# [Collected data]
☆ ☆ ☆ ☆ ☆ ☆ ☆

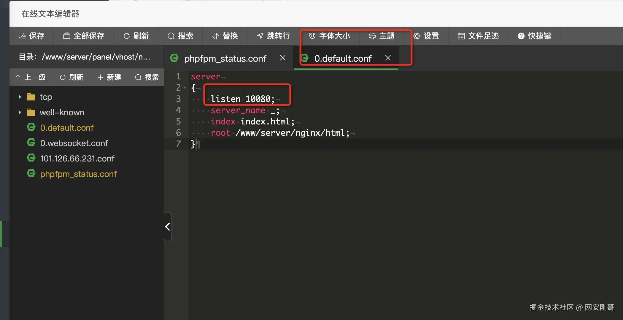 在文件进入/www/server/panel/vhost/nginx/,分别编辑0.default.conf和phpfpm_status.conf文件,将默认监听端口修改为其他非占用端口,比如10080,最后保存退出
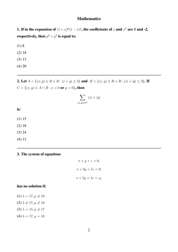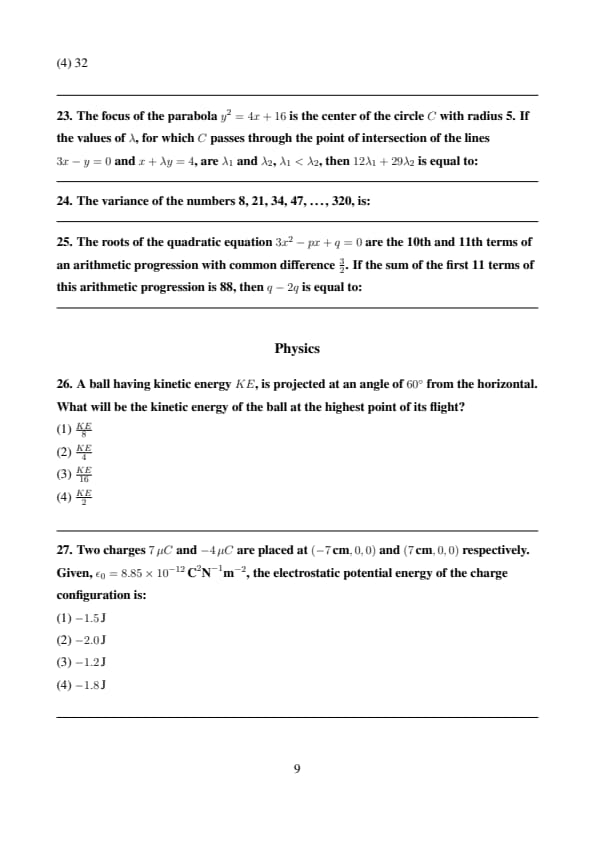 - The Mathematics section in JEE Main 2025 23rd Jan Shift 2 Question Paper was Tough and Lengthy with 9 questions coming majorly from topics like Integration, Co-ordinate Geometry, etc.
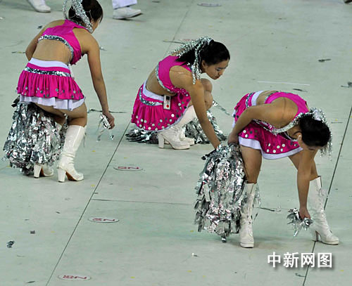 中新网10月17日济南电(记者 贾国荣) 几位参加济南第十一届全运会开幕式团体操表演的美少女,散场时留在最后,尽管疲惫不堪,依然跪在场地上捡起身边周围的垃圾带走。

☆ ☆ ☆ ☆ ☆ ☆ ☆

# [What to produce]
Return the full listing above verbatim, please, but without its images.

# [Result]
 在文件进入/www/server/panel/vhost/nginx/,分别编辑0.default.conf和phpfpm_status.conf文件,将默认监听端口修改为其他非占用端口,比如10080,最后保存退出
 - The Mathematics section in JEE Main 2025 23rd Jan Shift 2 Question Paper was Tough and Lengthy with 9 questions coming majorly from topics like Integration, Co-ordinate Geometry, etc.
 中新网10月17日济南电(记者 贾国荣) 几位参加济南第十一届全运会开幕式团体操表演的美少女,散场时留在最后,尽管疲惫不堪,依然跪在场地上捡起身边周围的垃圾带走。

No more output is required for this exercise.